The design of phantoms for this purpose (although often seen as trivial) is challenging: to have a large sufficient ROI in each sample tube and a good number of sample tubes in the main jar of the phantom, the overall size of the phantom increases to the point that B1 non-uniformity at 3 T due to the dielectric permittivity of any water-based phantom becomes problematic. While of course B1 is non-uniform in vivo, one purpose of phantom tests is to eliminate uncertainty or at least enable controlled testing of factors such as B1 rather than introduce their own errors. Conversely, if the phantom is made very small, then the truly acquired pixel size of in vivo T1 mapping methods (which obviously must not be modified or adapted  for the phantom scans) becomes important compared to the sample tube inner diameters leading to questions over SNR  and the impact of Gibbs artifact, for example.
Another obstacle for relaxation time phantoms (on top of basic water T1 and T2 temperature and pressure variations, gel instabilities [30, 31], small leakages, dehydration, or ion migration effects over time) is the differing temperature dependence of each species of paramagnetic ion’s relaxivity (r1, r2) and furthermore frequency dispersion in all of these physical properties between 60 MHz and 120 MHz [32,33,34,35,36]. Efforts to use alternative chemistry have so far not provided the range of T1 and T2 needed for this application.
The results confirmed, as is widely known in the field, that the T1 measured by even nominally identical mapping sequences can differ significantly between software revisions. Scanner software upgrades are not uncommon in centers, and we encountered three such events among contributing partners. There was a measurable shift on at least one system, with potentially important implications for the field as alluded to in the 2017 consensus statement on multi-parametric mapping by the Society for Cardiovascular Magnetic Resonance (SCMR) . Future work using phantoms at scale, across vendors and over time, would ideally continue monitoring center-specific data before and after potential shift events to more fully understand their impact on T1 allowing the community to set up mitigation approaches.

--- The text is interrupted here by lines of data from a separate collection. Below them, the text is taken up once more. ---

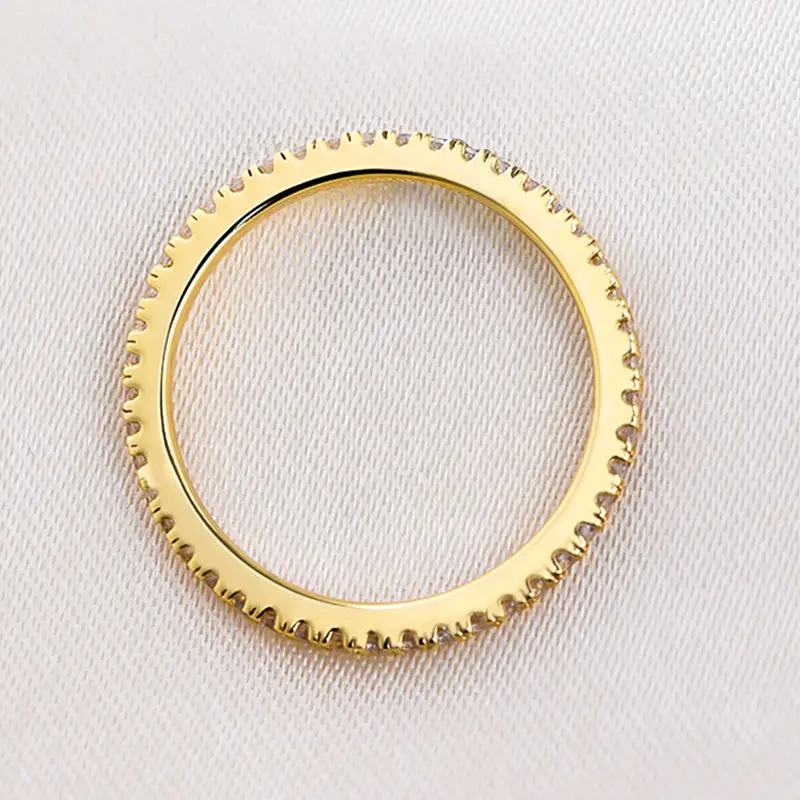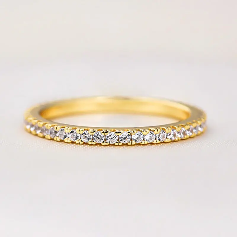 5. Effinny Full Eternity Thin Golden Wedding Ring,5A Cubic Zirconia Stackable Ring for Women In Sterling Silver Outdoorfun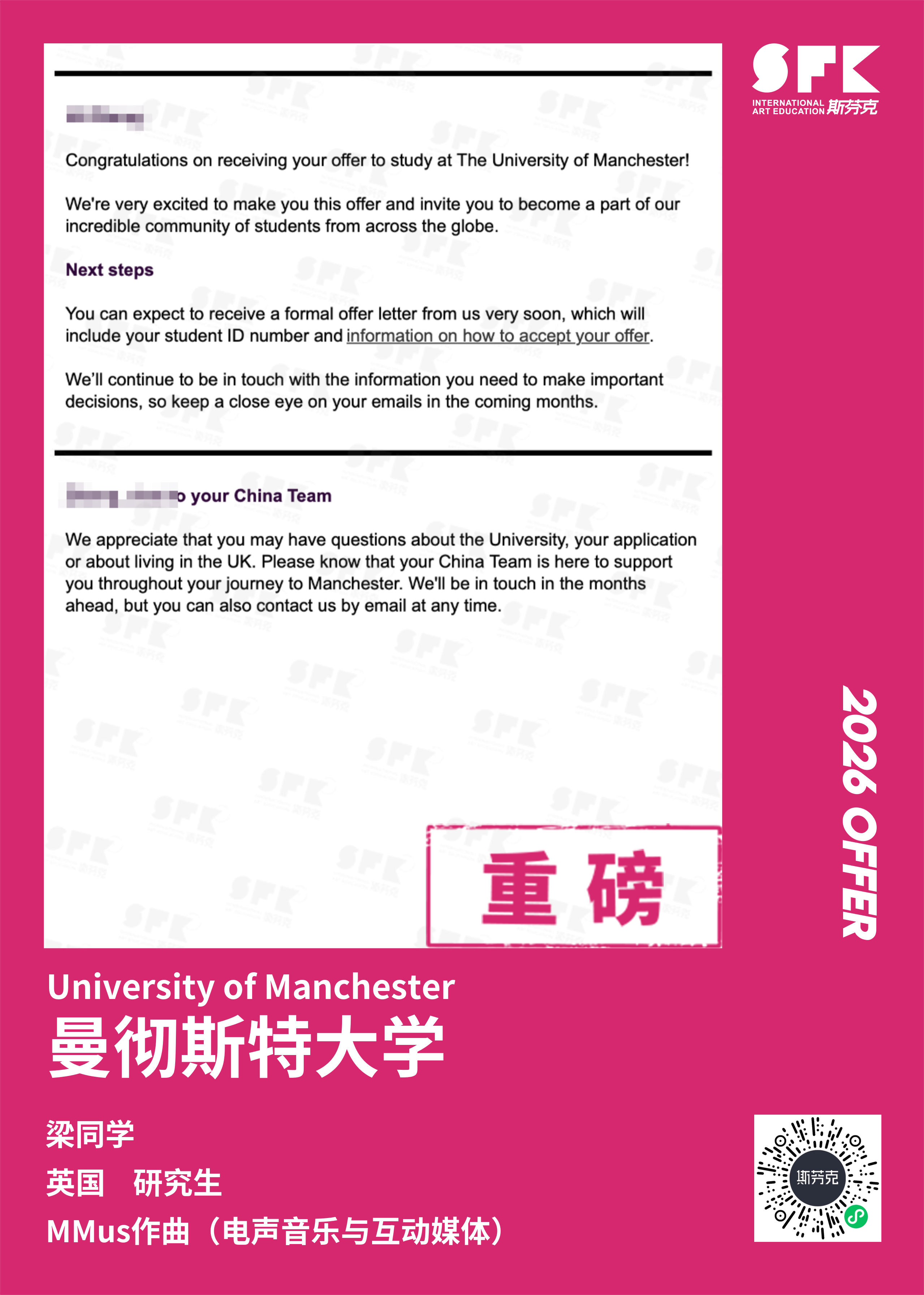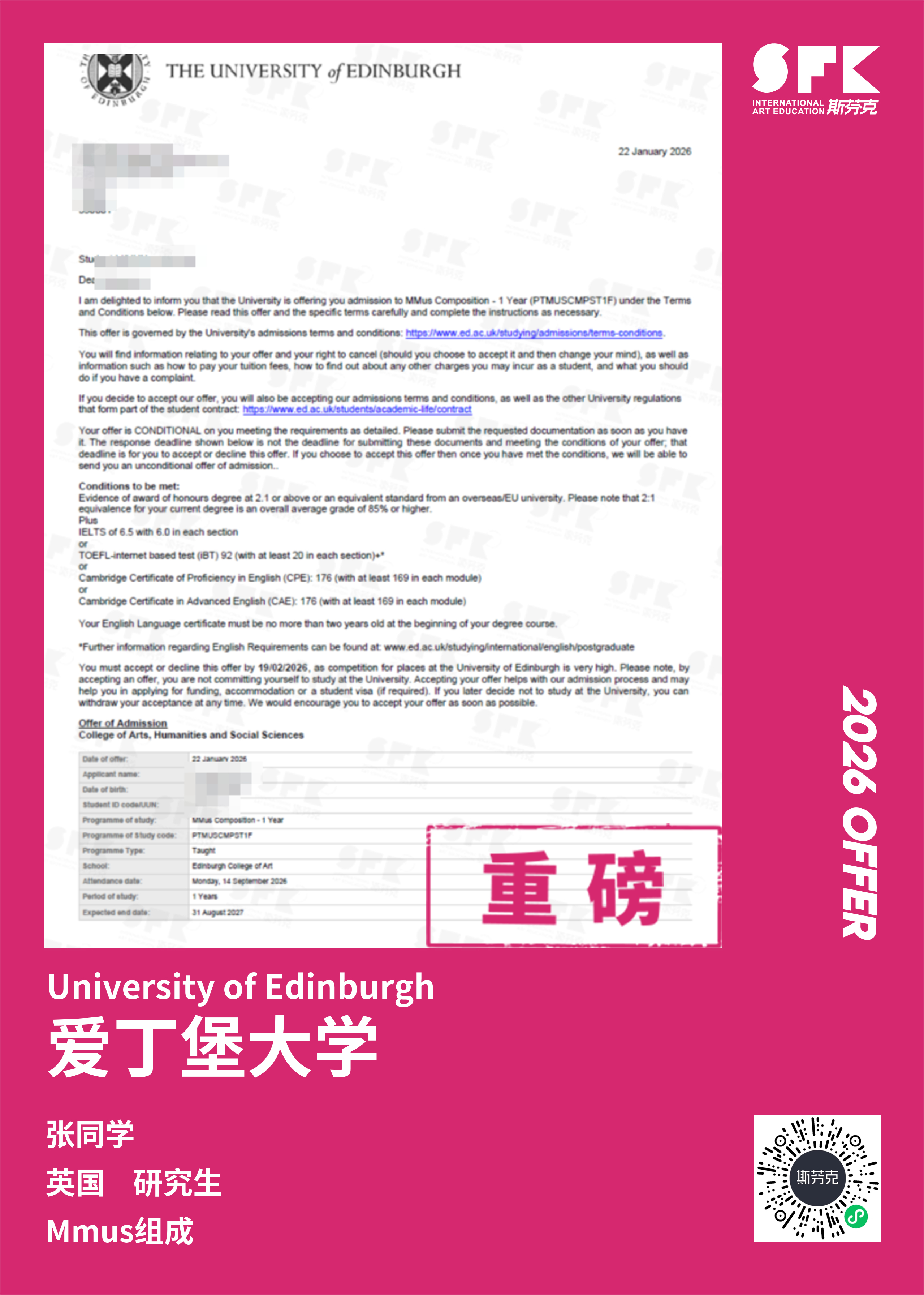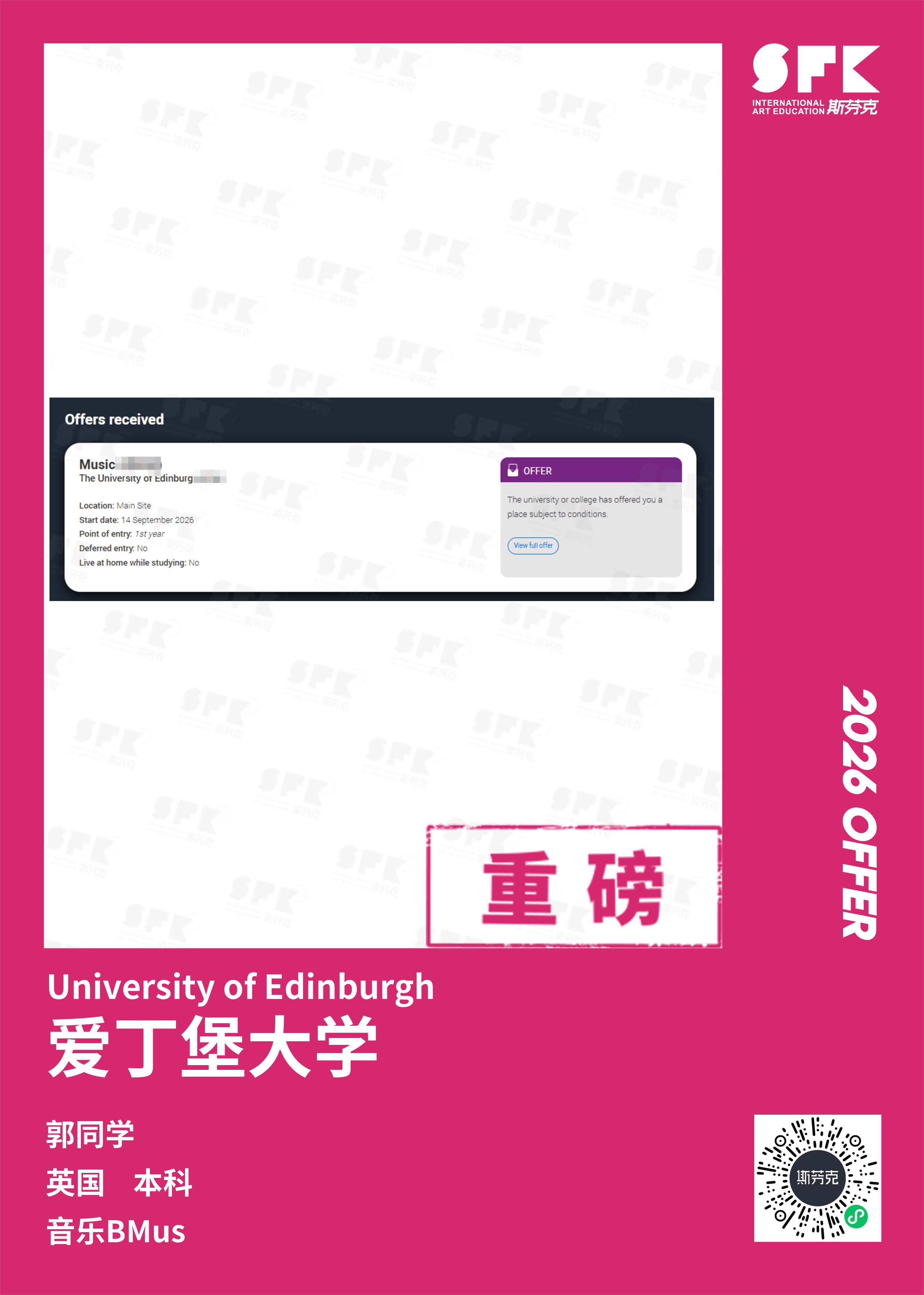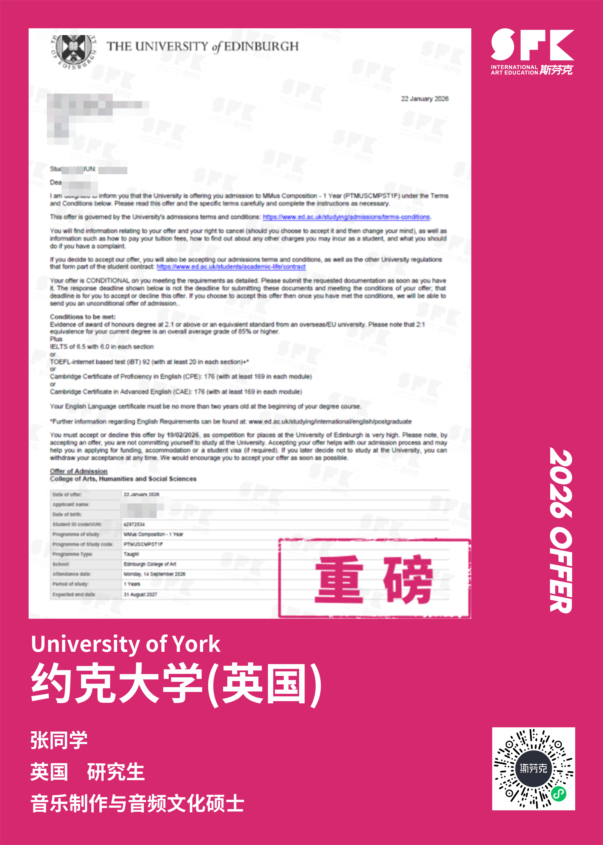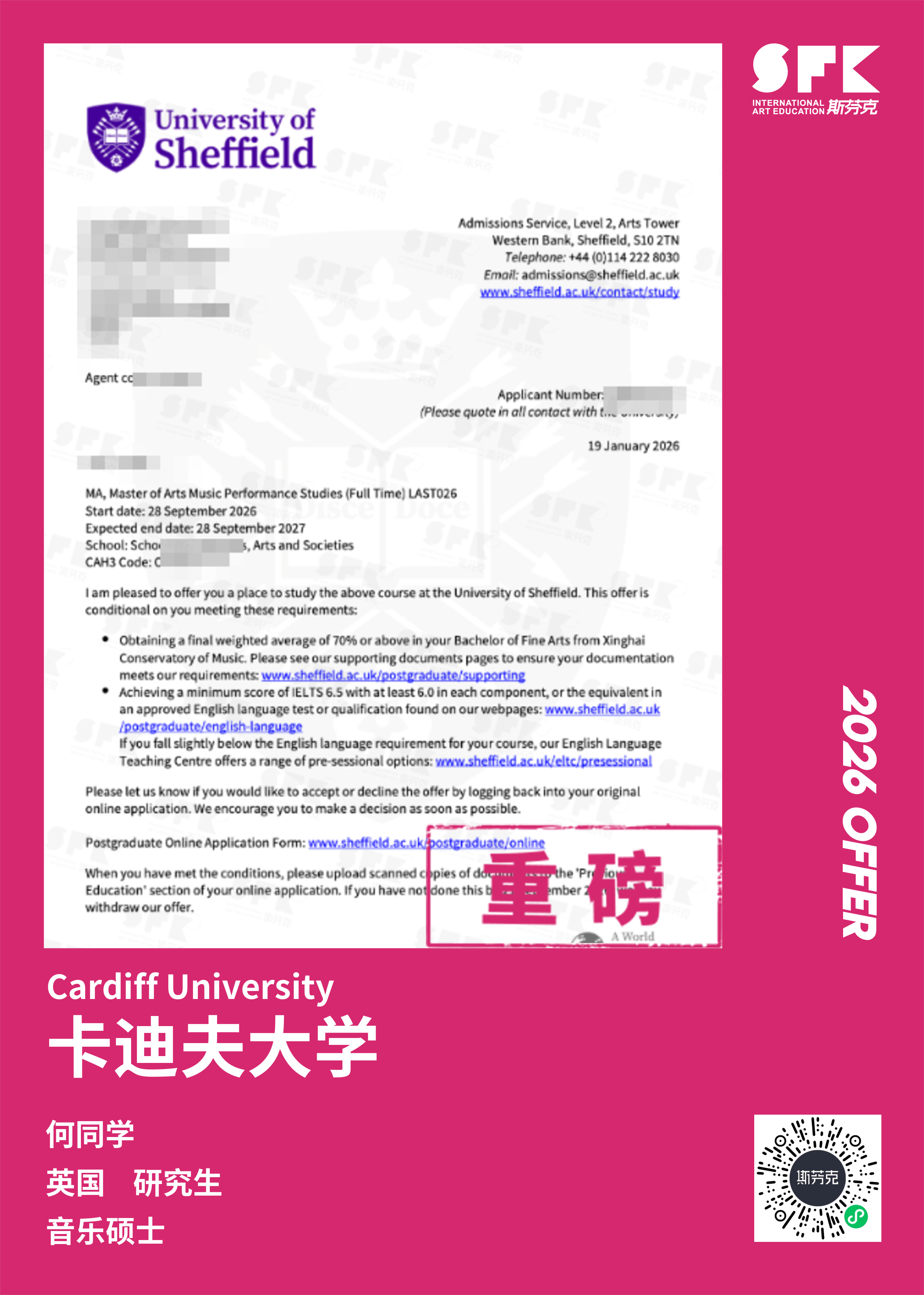 学生背景:MiraclE 22申请季 音乐科系学员 目前录取院校:皇家伯明翰音乐学院,约翰霍普金斯大学,爱丁堡大学,威斯敏斯特大学,伦敦大学金史密斯学院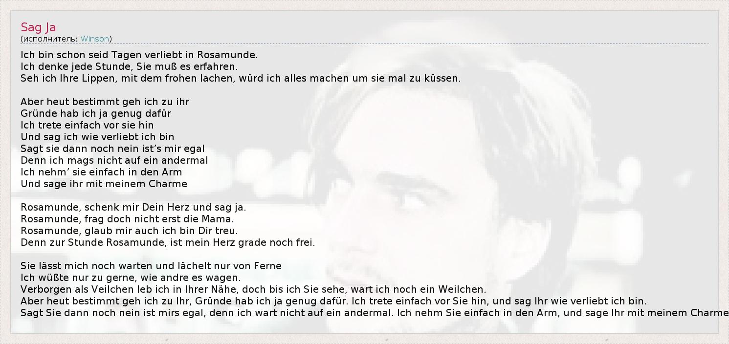 А как ты думаешь, о чем песня "Sag Ja" ?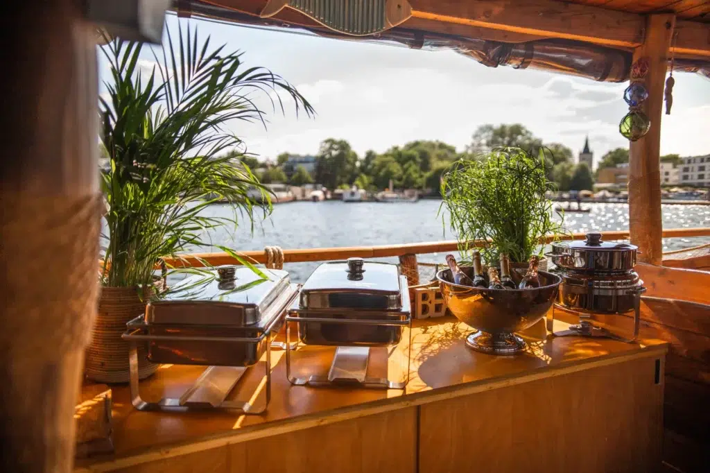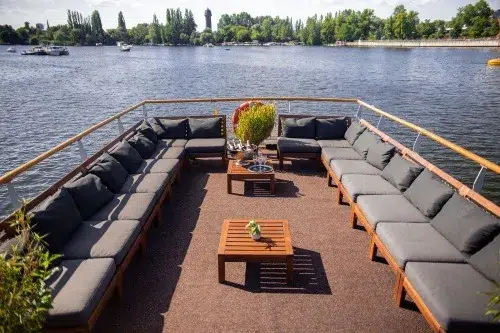 Die Fahrten können je nach Anlass als Spree Rundfahrt durch die Stadt oder als sommerlicher Ausflug ins Grüne geplant werden, zum Beispiel ab der Oberbaumbrücke. Auf Wunsch lassen sich Catering, vorgekühlte Getränke, BBQ, DJ oder ein Sightseeing-Guide ergänzen. Auch individuelle Dekorationen, verschiedene Catering-Pakete und weitere Extras sind möglich. Für Firmenevents können zudem Branding-Möglichkeiten umgesetzt werden. Wer ein gemütliches Grillboot oder ein kleineres Partyboot mit eigenem Charakter sucht, findet mit dem Hauptstadtfloß I eine passende Option.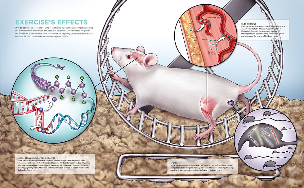 “Physical activity increases the volume of the brain’s hippocampus and improves learning and memory in mice and humans. Mouse studies have linked these effects to the growth and maturation of new neurons. Now, researchers are beginning to unravel the molecular mechanisms that connect exercise to these cognitive benefits.”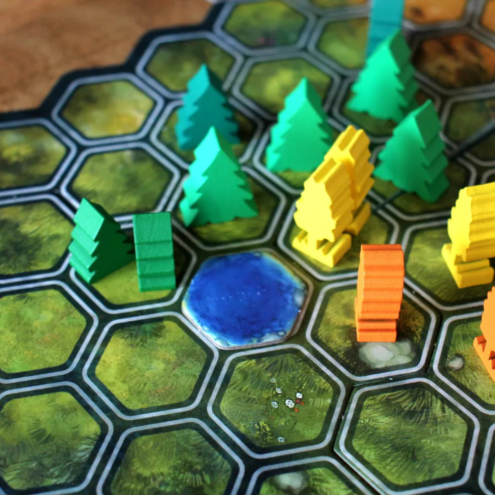 Players start by seeding and growing a forest space adjacent to each water tile. This is where players determine their initial strategy and appetite for risk. Then play begins.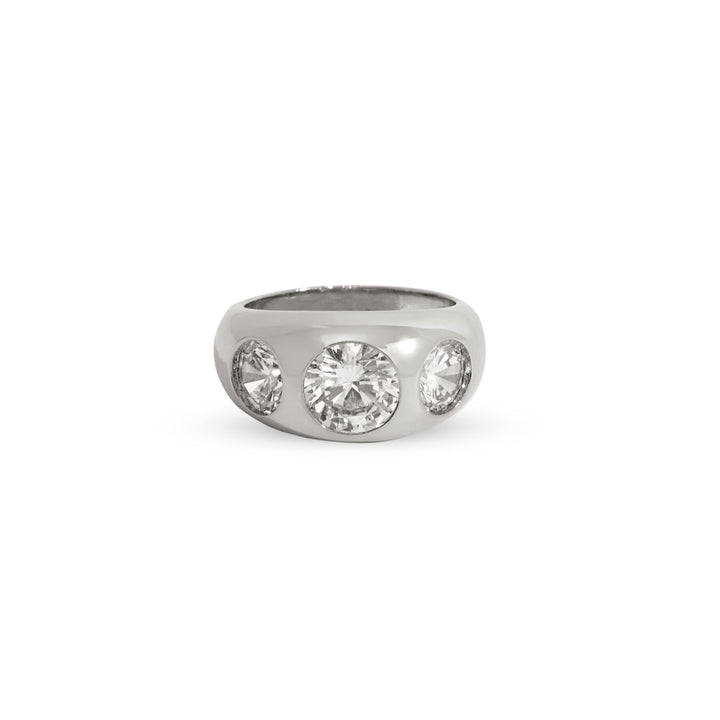 This Shine Ring Silver by Drae Collection is a perfect statement piece with a retro feel. The ring is crafted with a modular design and features three bold 4A-grade zirconia for maximum light-catching sparkle. Its unique style makes it a timeless addition to your accessory collection. This ring is a must-have for those who want to add a touch of glamour and sophistication to their look. It is high-quality, long-lasting, and resistant to tarnish and water.
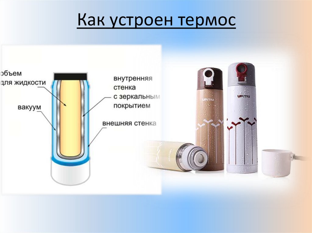 Термос должен удерживать температуру жидкости длительное время. Он состоит из цилиндрического корпуса, внутренней колбы. Эффект теплосбережения достигается благодаря двойным стенкам и вакууму.

Clearly, sources of T1 variance and drift over time and between centers are numerous. Some T1 variance is related to differences between sequences and magnet platforms: to the scanner itself (equipment drift or equipment shifts from updates of software, replacement of parts, routine service recalibrations, etc.), to the environment (temperature, pressure, humidity), and to the operator (phantom positioning inside scanner bore). In a phantom study, some T1 variance may additionally have been due to intra-phantom differences (liquid/agar status over time collectively contributing to phantom aging) and inter-phantom manufacturing variations. In T1MES, we mitigated potential inter-phantom manufacturing variations by exercising extreme caution in design and prototyping and by the strict batch manufacturing processes to medical device grade standards. Drifts in the system setup (long-term stability) would tend to be “adjusted” out by the shim and center frequency (CF) and transmitter B1 reference (TxREF) adjustments that could otherwise bias estimated T1. Any receiver coil or gain changes would most likely cancel out of T1 maps as constant across the series of input images to T1 derivation (appearing in A and B maps instead). It is considered unlikely that gradient performance would drift significantly, and any significant sudden changes in that are also unlikely even when the eddy-current compensation is adjusted on routine service visits. However, we have shown how unforeseen software changes could potentially cause “step-wise” changes in the estimated T1 records. To directly model the interplay between all these potential sources of T1 variation in longitudinal phantom studies would be a daunting task, and we considered only a subset of these sources in our analyses.
Though B0 and B1 homogeneity tests in T1MES (Fig. 5) were stable, we did measure slightly greater field inhomogeneity at the phantom edge and corners compared to the core (phantom corners and edges are the zones which our T1MES data flagged up as areas of least B0/B1 homogeneity). The tubes with the highest T1 times are the tubes most susceptible to such field inhomogeneities, and this suggests that a future iteration of T1MES could be further optimized by rearrangement to position such tubes in the most uniform regions.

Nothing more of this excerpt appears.